Она хорошо знала, что сын никуда не поедет. Он бродил вокруг фургонов, мастерил что-то с Владимиром, и все слышал, все замечал, отощавший и угрюмый, как влюбленный зверь. Близняшки растеряли свою веселость. Хильда постоянно сторожила сестру, покидая ее буквально на секунды, чтобы перекусить. Одетта делала вид, что ничего не видит и ничего не понимает. Стоя у плиты, она напевала, заглядывая в лежащую рядом поваренную книгу, и готовила сложнейшие блюда. Или, сидя на полу, раздумывала, глядя в разбросанные вокруг чертежи. Но когда Дутр проходил мимо, она следила за ним так настороженно, что он иногда даже оборачивался.
— Почему ты так смотришь на меня?
— Я что, не имею права на тебя смотреть?
Однако перепалки быстро затихали. Они больше не осмеливались вступать в разговор, словно боялись сказать друг другу нечто непоправимое. Дутр взялся за работу. Со скрипом он самостоятельно зубрил немецкий. Ему надоело слушать, как Одетта ругается с близняшками, а он не понимает, о чем они говорят. Произношение корректировал Владимир, это были странные уроки у верстака — немецкий и французский. В конце концов Дутр обо всем рассказал Владимиру.
— Плохо, — говорил Владимир и стучал себя по лбу. — Ты… солнечный удар… сумасшедший.
А поскольку он был полон желания помочь, то тут же переводил:
— Närrisch… Richtig!
Хорошо, пусть närrisch! А раз подойти к Грете было невозможно, то оставался один способ: написать ей. Дутр с помощью словаря составлял странные записки, почти непонятные любовные письма — невнятные, дикие, волнующие, ребяческие. С наступлением ночи он просовывал письма в левое окно фургона — кушетка Греты была как раз под ним. Если Хильда перехватывала письма, это тоже способ доставить их по назначению.
Но письма не терялись. Дутр смог убедиться в этом однажды вечером, когда из фургона ему выбросили скомканный лист бумаги. Он лег в кровать, расправил лист и, накрывшись с головой одеялом, прочел при свете фонарика. Письмо было подписано: «Грета». Иногда, встретив знакомое слово, он догадывался о смысле фразы, но целиком текст не мог перевести даже со словарем. Он долго лежал без сна, с письмом в руке — как с заряженным пистолетом. Потом, не в силах больше терпеть, встал и, не одеваясь, в пижаме, побежал к грузовичку, в котором спал Владимир.

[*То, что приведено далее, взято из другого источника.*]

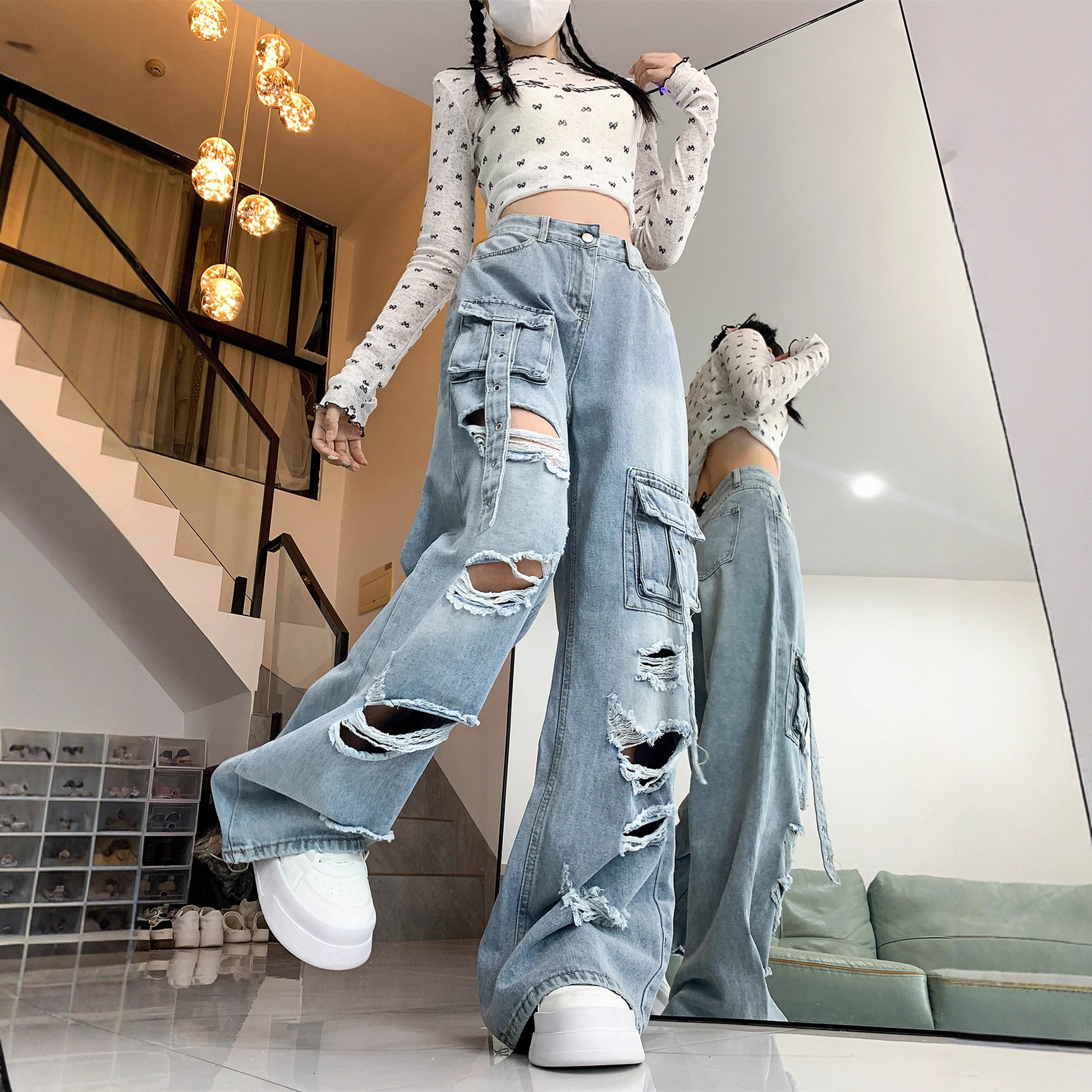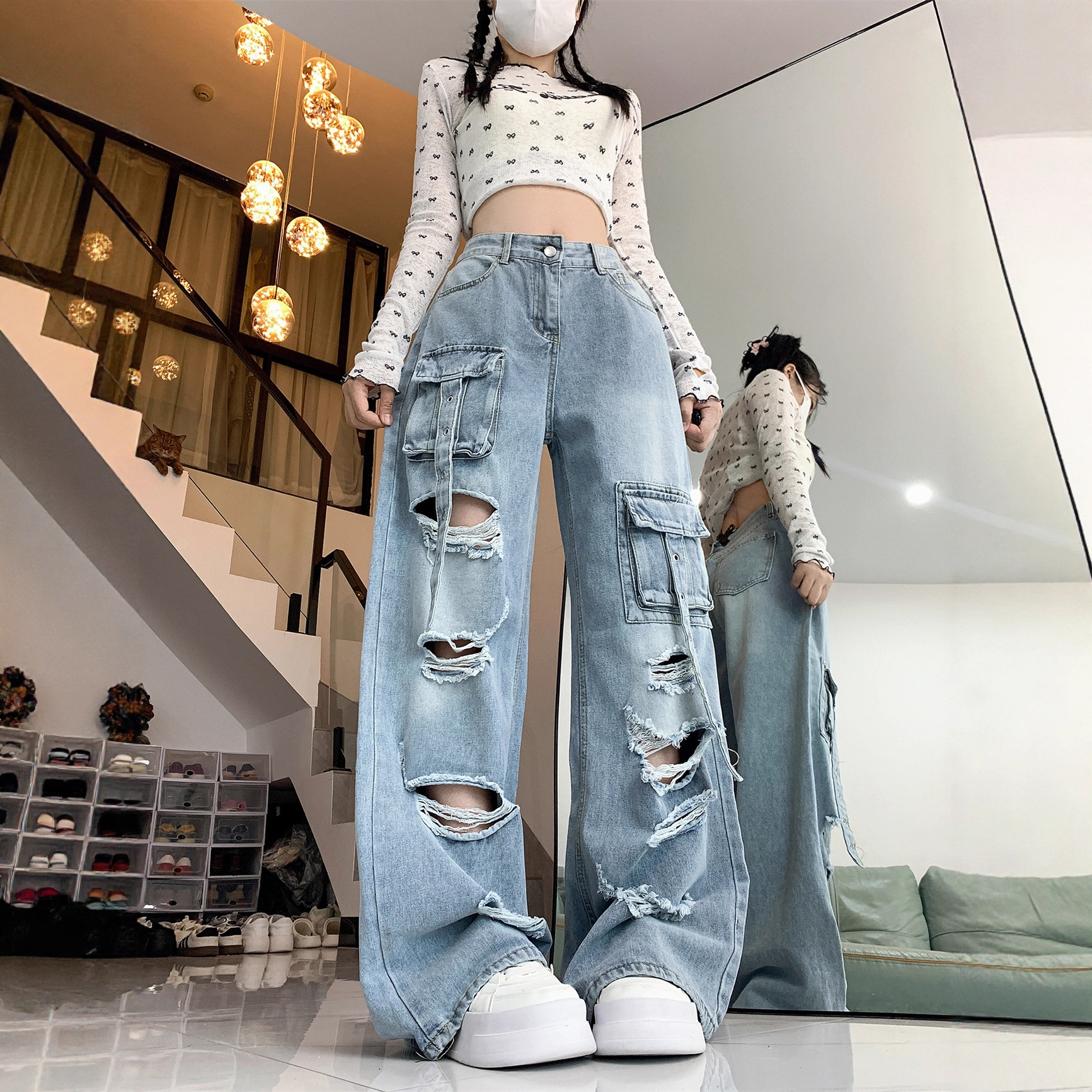2025 Broken Hole High Street workwear for women with a niche design sense, vertical feeling, floor dragging straight leg wide leg pants wholesale jeans
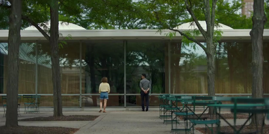 Casey’s loving perspective of her hometown fuels her conversations with Jin, but also shackles her to her denial, to what she can’t admit to herself; that there is more than her current life. While showing Jin one of her favourite buildings, the large, square windows frame the pair in their own individual space. Casey is a fountain of facts and knowledge straight out of a tour guide commentary, and she gets lost in her passion. Her face is rarely shown purely: instead, it is in the reflection of a window that we see her extolling the radicalism of an all-glass bank. A cut to a long shot looks back at her while she keeps talking, body turned away from Jin. When Jin implores her to talk about what moves her about the building, beyond its history – the view is from behind the glass. Her mouth is moving, hands gesturing, but the audio is silent. At the height of her enthusiasm, we’re set apart from Casey: the beautiful architecture acting as a barrier between the viewer and Casey’s ability to reveal her true feelings, even if it’s just about a building.

— Это я, Влади… Нет, ничего не стряслось. Просто надо перевести письмо.
Владимир зажег лампу, поднес к ней записку. Долго читал про себя, шевеля губами.
— Ну?
Но тот продолжал молча читать. По движениям глаз можно было догадаться, что он возвращался к прочитанному, повторял некоторые места.

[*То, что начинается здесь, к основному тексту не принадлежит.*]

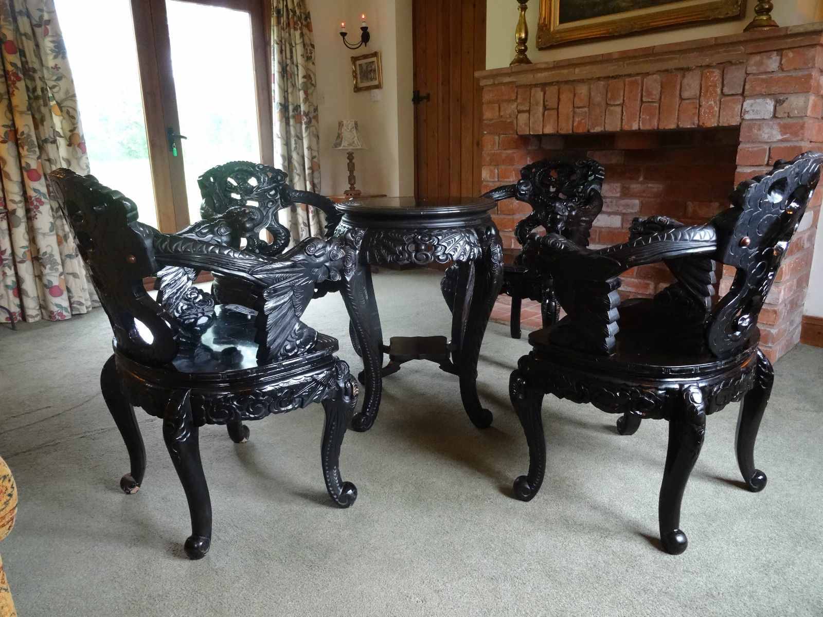 Superb 19th Century Period Antique Chinese Dragon Carved Table & 4 Matching Armchairs
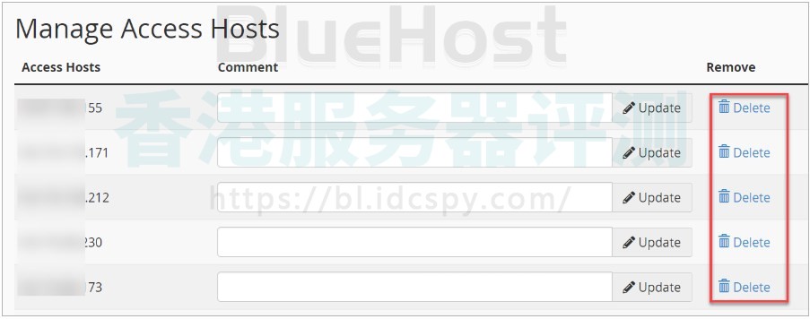 1、在“管理访问主机”部分,找到要删除的 IP 地址,然后点击其旁边的垃圾桶图标。

— Да будешь ты говорить или нет?
Владимир, покачав лысой головой, вернул Дутру письмо.
— Плохо, — сказал он. — Они обе — вот так! — И вцепился левой рукой в пальцы правой.

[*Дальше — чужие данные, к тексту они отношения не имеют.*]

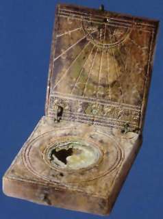 | 5. Zsebnapóra fából, kétrészes, két broncszegecs tartja össze, bronzakasztóval lehet becsukni, származási országa: Németország. Felső részén, a számlap alatt felismerhető az 1573-as évszám. Hosszúsága: 19 cm, szélessége: 5,7 cm, magassága: 2,2 cm (2000-es ásatáskor találták) |  |
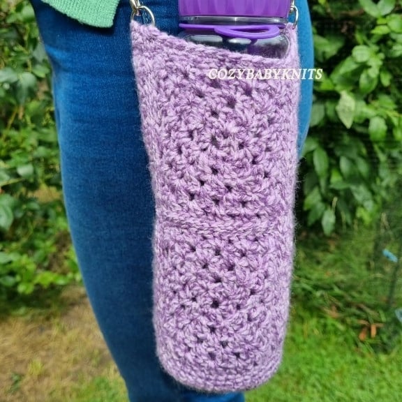 Crossbody bottle bag made with lilac tweed granny squares with removable strap.

— Мне плевать! — закричал Дутр. — Она меня любит?
Он задыхался, будто пытался удержать жизнь в легких, а Владимир, казалось, готовился принять очень трудное решение.
— Она… — начал он, — сука в течке… осторожно!
Он произнес еще какие-то немецкие слова, пытаясь хоть как-то передать их французское значение, но, отчаявшись в своей попытке, сделал, как бы подводя итог сказанному, непристойный жест. Дутр разорвал письмо в клочки и швырнул их во Владимира:
— Болван!
Дутр выскочил из машины. Перед ним открывались черные аллеи Венсенского леса, и он — в пижаме, рядом с фургоном — показался себя настолько нелепым, что злобно, изо всей силы ударил себя кулаком по лбу.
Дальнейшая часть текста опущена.